Что же касается «культурной ассимиляции туземного населения», то «Всеподданнейший доклад» содержал сетования по поводу неуспешности этой программы и констатировал приверженность мусульман своим традиционным учебным заведениям и духовным авторитетам: «Русская администрация имеет в своем распоряжении самые ничтожные средства для культурной борьбы с мусульманством, для ослабления того влияния, которое оказывают… мусульманские школы, казии, ишаны и проч.» (с. 154). Доклад и прочие документы, исходившие из туркестанской администрации, предлагали развивать так называемое русско-туземное образование, а также легитимировать гражданские суды, уже функционировавшие в других районах империи, в мусульманской среде. При этом местные эксперты с нескрываемой досадой писали о ничтожном количестве «русско-туземных» школ и явном преобладании мусульманских учебных заведений, которые, по их представлениям, распространяли «фанатизм и мракобесие»[212].

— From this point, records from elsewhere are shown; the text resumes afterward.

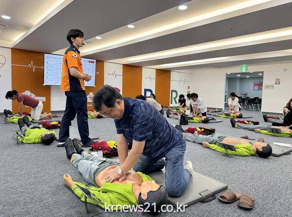 이날 교육은 ▲초기 응급처치 중요성 동영상 시청 ▲심폐소생술(CPR) 방법 ▲자동심장충격기(AED) 사용법 ▲기도 폐쇄 대처 하임리히법 순으로 진행됐다. 스마트 기기가 연동된 마네킹을 활용해 실제 상황을 재현하여, 참여자들은 멈춘 심장을 다시 살리는 올바른 방법을 직접 몸으로 배웠다.
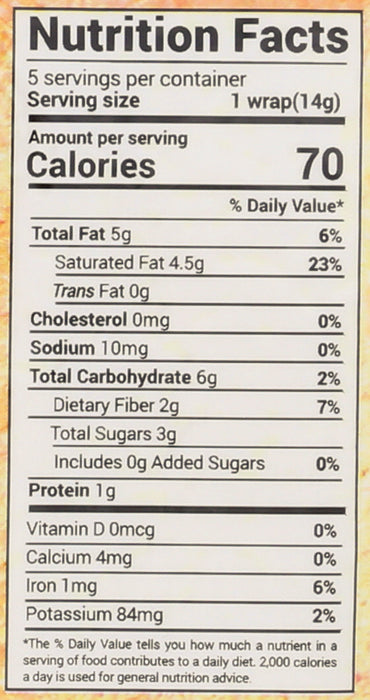 Nuco Organic Turmeric Coconut Wraps are a great way to enjoy burritos and rolls without consuming breads and tortillas. We make our wraps with coconut meat, coconut water and coconut oil. Our wraps contain no added salt and are suitable for anyone following a paleo diet. Each five-count pack has five servings that provide 70 calories each.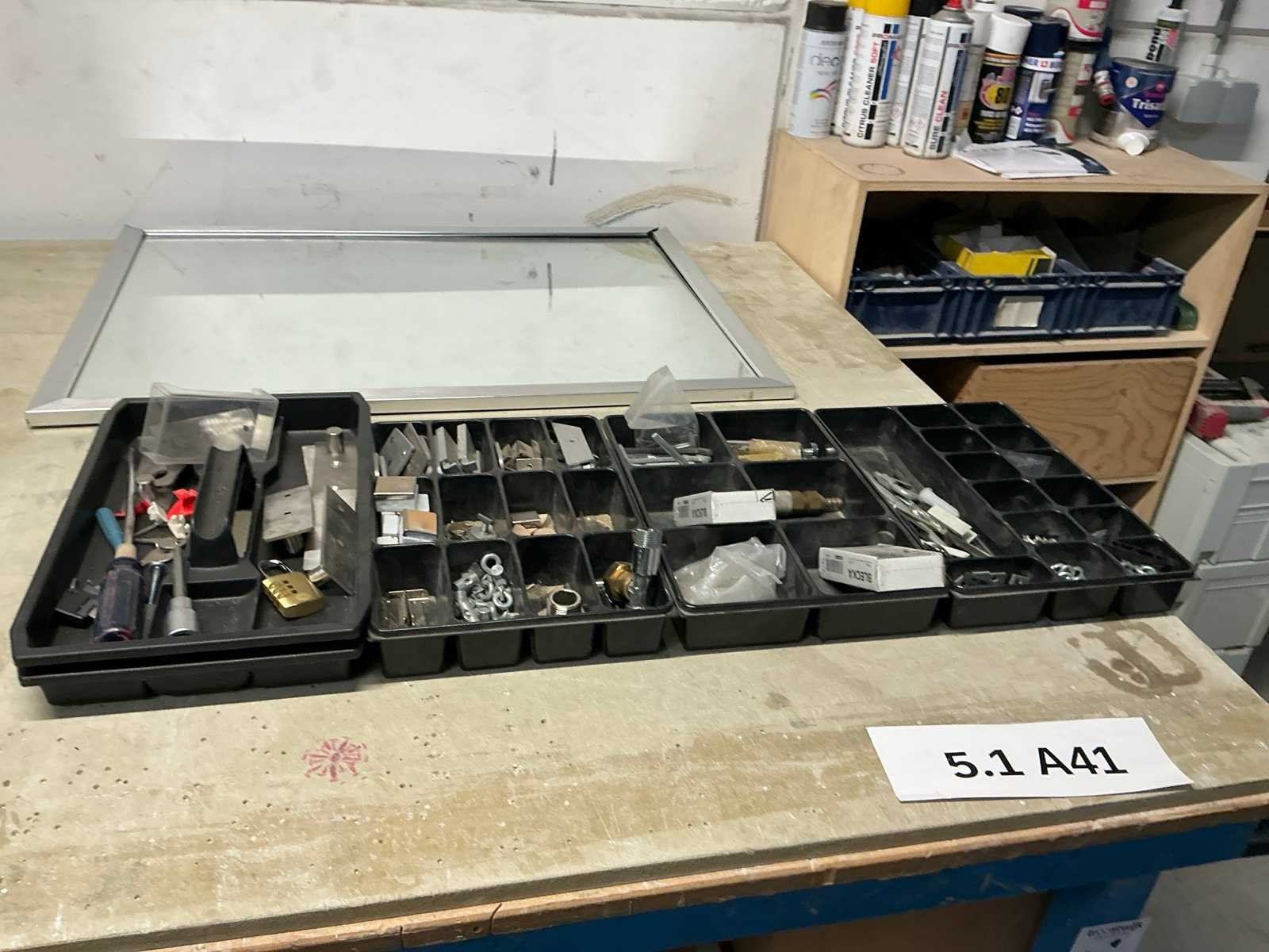 Inhoud bestaande uit: kleine partij bevestigingsmaterialen, vakkenkastje, 3 Festool machinekoffers, Nee Breedte: 3040mm Lengte: 1200mm Hoogte: 940mm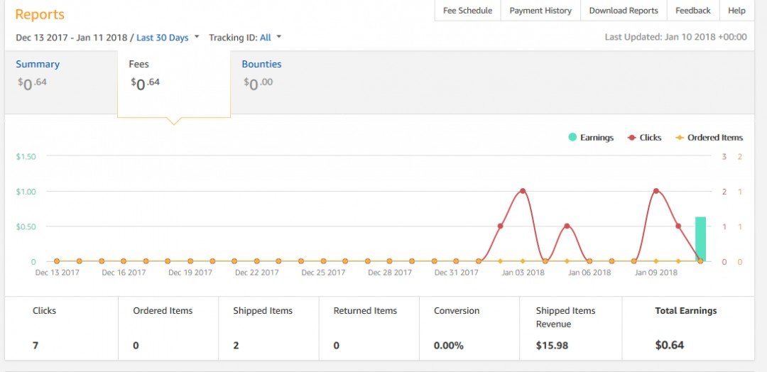 And then I came back to the same page because I am writing on a new product review post and had to get the link. I then refreshed again and I made another sale on 11 jan! So total earnings = 64 cents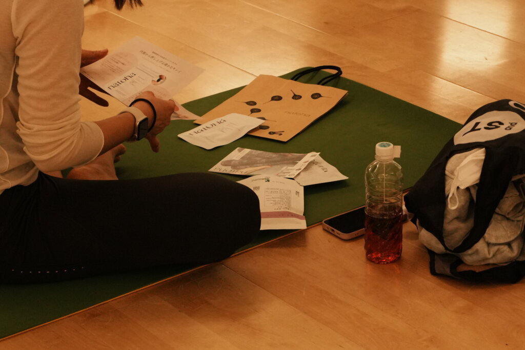ヨガレッスンの後には、natohaのアイテムをお持ち帰りいただきました。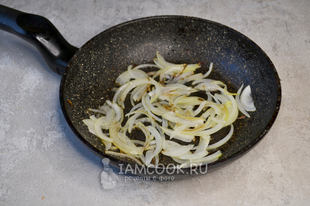 Лук очистите, нарежьте перьями и обжарьте на растительном масле 4-5 минут.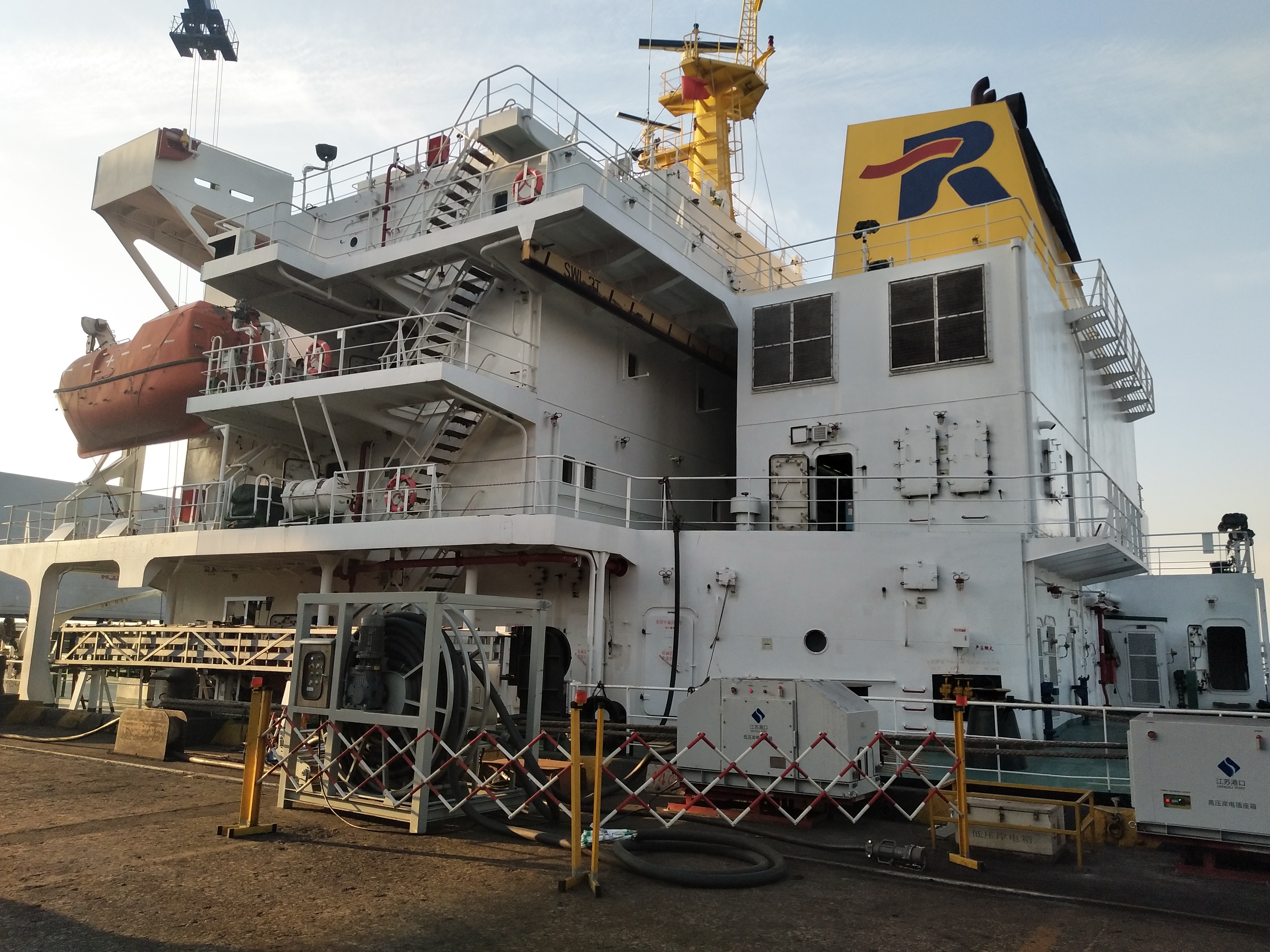 “長春門”輪船載重51000噸,船舶發電機560kW,需在南京新生圩碼頭靠泊作業40小時。據測算,船舶岸電系統與“長春門”輪于117日上午824分成功解列后,該輪靠港期間共使用岸電42小時,消耗電能7000千瓦時,可替代柴油2.5噸,減排二氧化碳近0.5噸。由此可見,岸電系統的使用不僅減少了燃料的消耗,且大大降低了靠港期間的污染物排放量。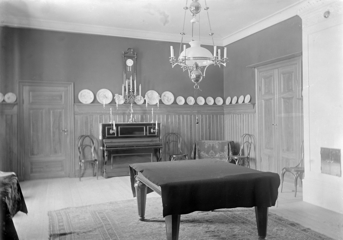 Interiör från Brändströmska gården i Linköping, uppkallad efter överste Edvard Brändström som under några år kring förra sekelskiftet bodde här med sin familj. Just detta rum var som synes sparsamt möblerat och gav svängrum runt det biljardbord som vi får förmoda döljer sig under filten. Bilden är inte exakt daterad.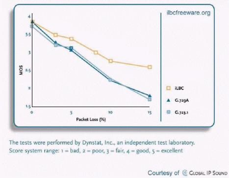 無論在高丟包率條件下還是在沒有丟包的條件下,iLBC的語音質(zhì)量都優(yōu)于目前流行的G.723.1, G.729A等標準編解碼;而且丟包率越大,使用iLBC的語音質(zhì)量優(yōu)勢越明顯。通常情況下,為了衡量IP網(wǎng)絡語音質(zhì)量,將≥5%丟包率的網(wǎng)絡情況定義為VoIP的極限網(wǎng)絡條件。經(jīng)過語音質(zhì)量測試,即使在5%丟包率的情況下,iLBC仍然能夠提供相當于GSM手機的語音質(zhì)量。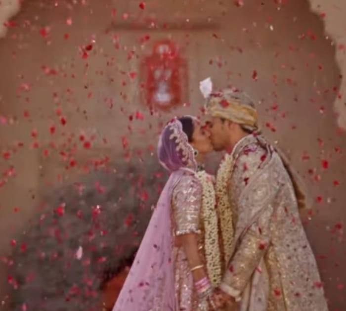 Sidharth Malhotra and kiara advani looked nothing less than a prince and princess on their wedding day. For the special day, the actress had opted for a custom ombre lehenga in the shade of empress rose from the ace designer, manish Malhotra's collection. Her outfit featured Swarovski crystals and intricate embroidery inspired by the couple’s love for roman architecture. She paired it with an embellished choli, a sheer dupatta and emerald jewellery. On the other hand, Sidharth looked dapper in a manish Malhotra sherwani.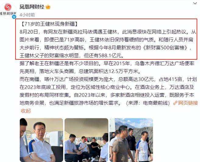 3天前,71岁的王健林现身新疆,带着七八个人考察项目,感觉一下子苍老了好多。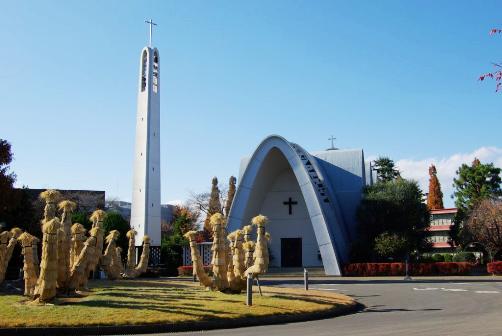 高さ31メートルの鐘楼(ベルタワー)もレーモンドの設計。5年遅れて完成。 |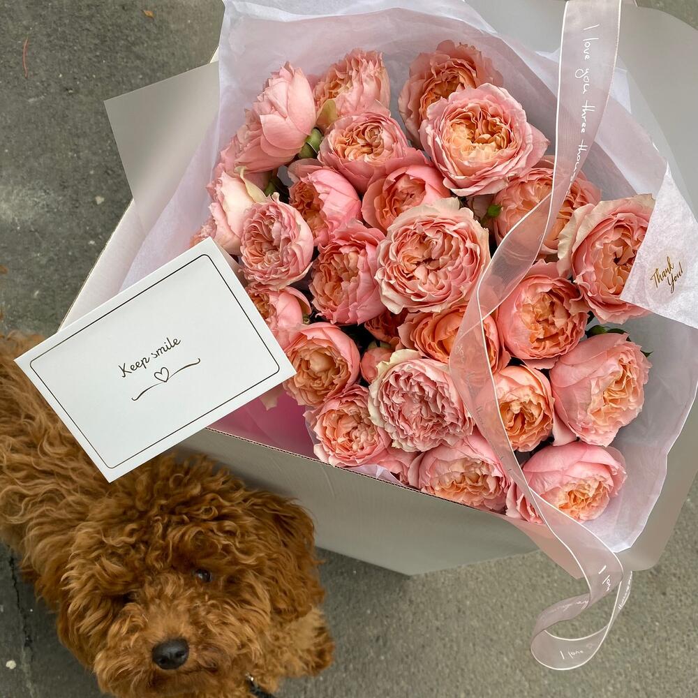 пионовидная кустовая роза джульетта – 7 шт.Упаковка дизайнерская – 1 шт.Транспортировочная коробка – 1 шт.
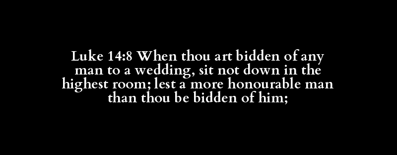 Luke 14:8 When thou art bidden of any man to a wedding, sit not down in the highest room; lest a more honourable man than thou be bidden of him;
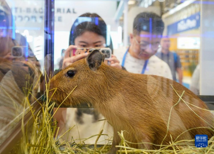 8月16日在第25届亚洲宠物展览会上拍摄的水豚。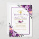 Aquarelle violet Ultra Violet et or Floral Graduation Party Invitation Card - Violet Frame - Purple Back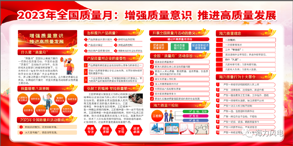 以习近平新时代中国特色社会主义思想为指导,深入贯彻落实《中共中央国务院关于开展质量提升行动的指导意见》,海力牢固树立强烈质量意识,筑牢公司质量底线,严控质量风险,将海力风电打造具有行业竞争力的科技型、管理型、质量型国内一流企业。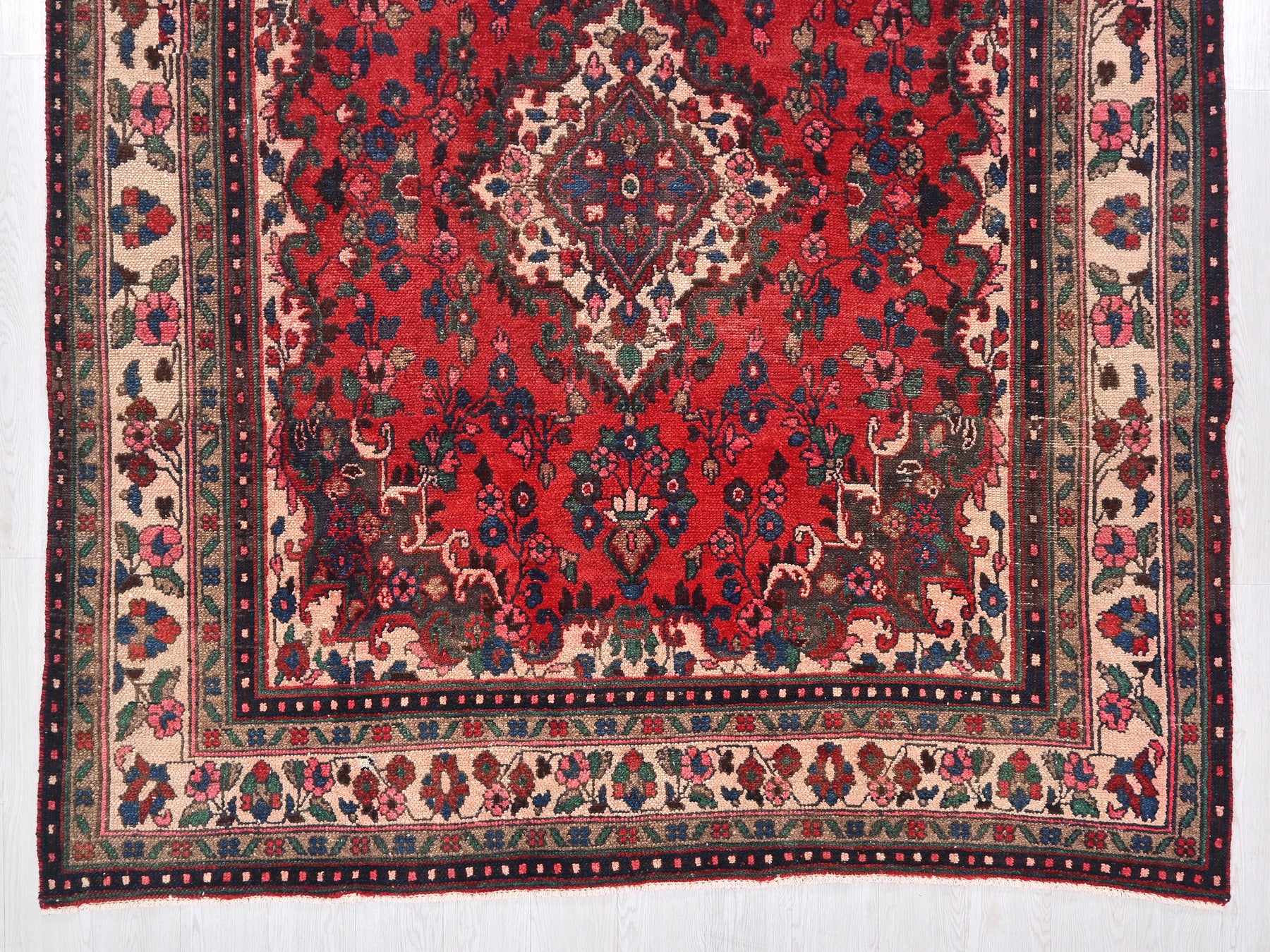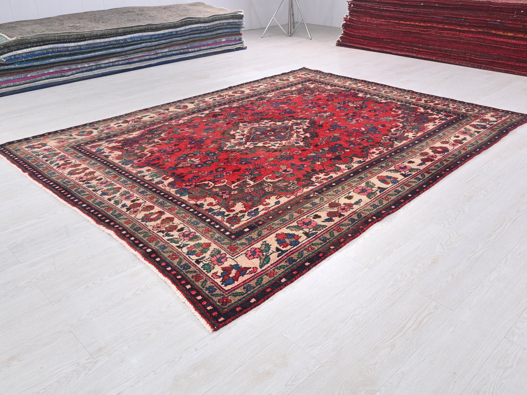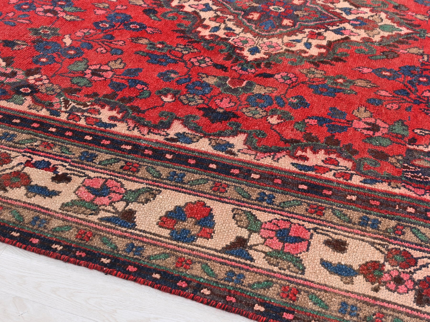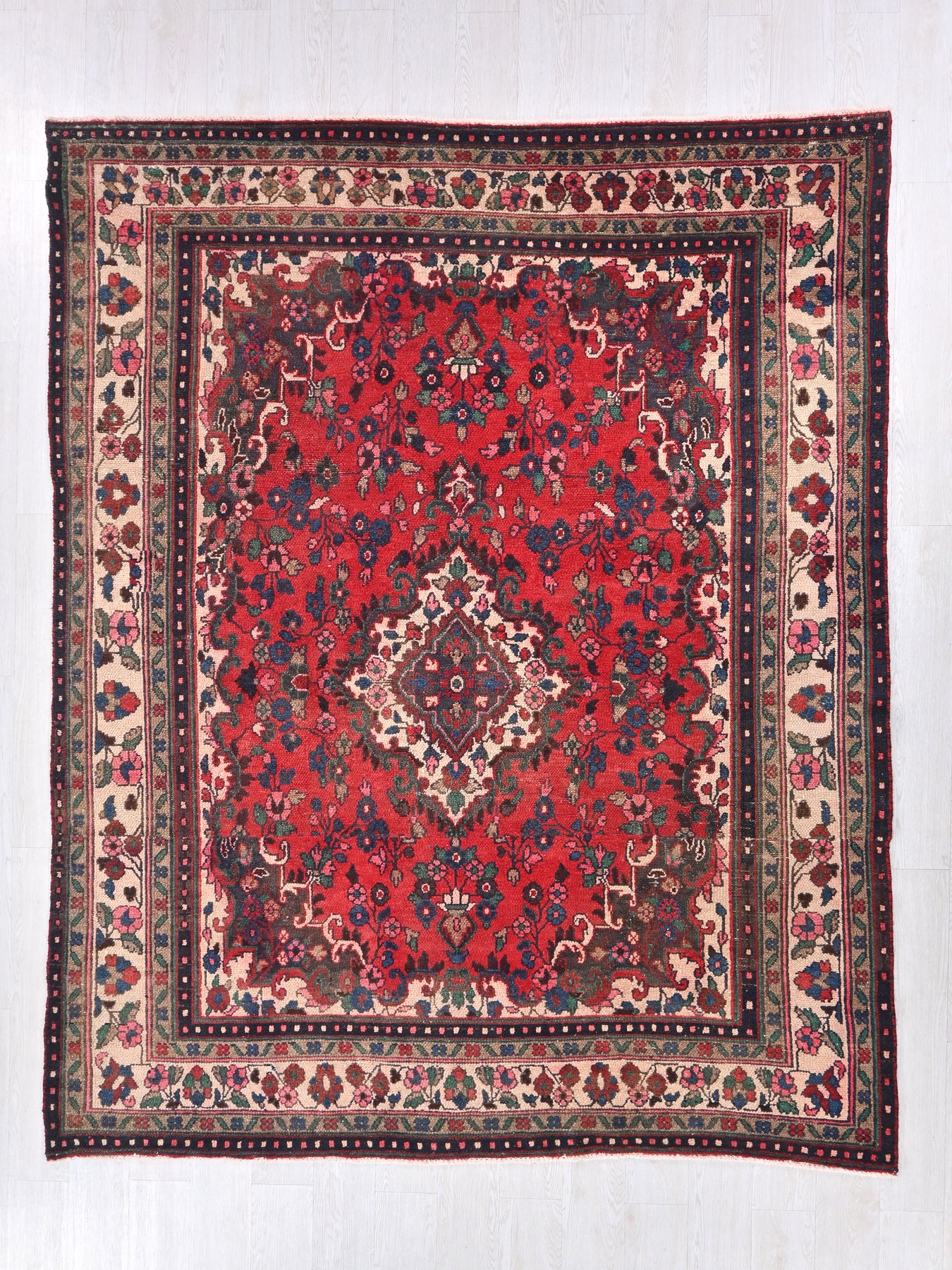 This is a hand-knotted, one-of-a-kind vintage rug. Due to the nature of this piece, there may be slight imperfections in its wear, shape, dimensions, and color. All of our rugs are professionally cleaned and repaired.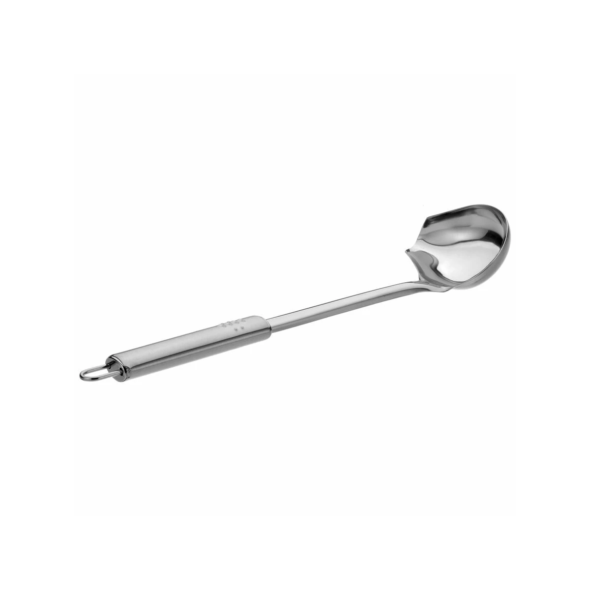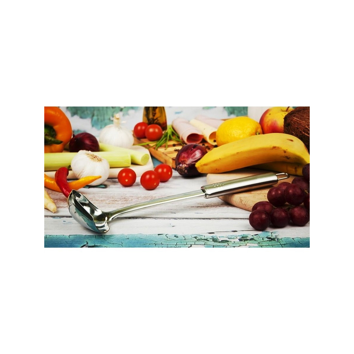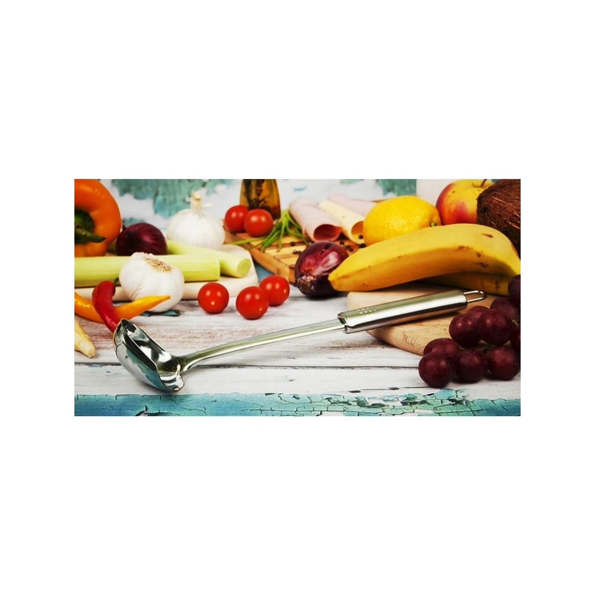 Všestranný a nevyhnutný riad, naberačka na omáčku, je vyrobená z vysoko kvalitnej nehrdzavejúcej ocele. Vďaka svojmu tvaru je ideálna na nalievanie omáčky do omáčnika alebo na polievanie jedál. Naberačka má špeciálnu rukoväť s úchytkami, ktoré zaisťujú bezpečné uchopenie a zabraňujú skĺznutiu

Помимо «Всеподданнейшего доклада», под влиянием Андижанского восстания в администрации С.М. Духовского был составлен пакет секретных документов под названием «Общий свод комиссии по вопросу мусульманского Духовного управления в Туркестанском крае» с Приложениями[213]. К своду прилагалась сопроводительная Записка Главного штаба Военного министерства (Азиатской части), содержавшая новую редакцию некоторых статей положения «Об устройстве управления духовными делами мусульман Туркестана» (взамен редакции 1886 г.). Из Проектов Свода и Записки становится ясно, что Андижанское восстание стимулировало споры о правомерности политики «игнорирования ислама русской администрацией» и о формах «надзора за духовными делами мусульман»[214].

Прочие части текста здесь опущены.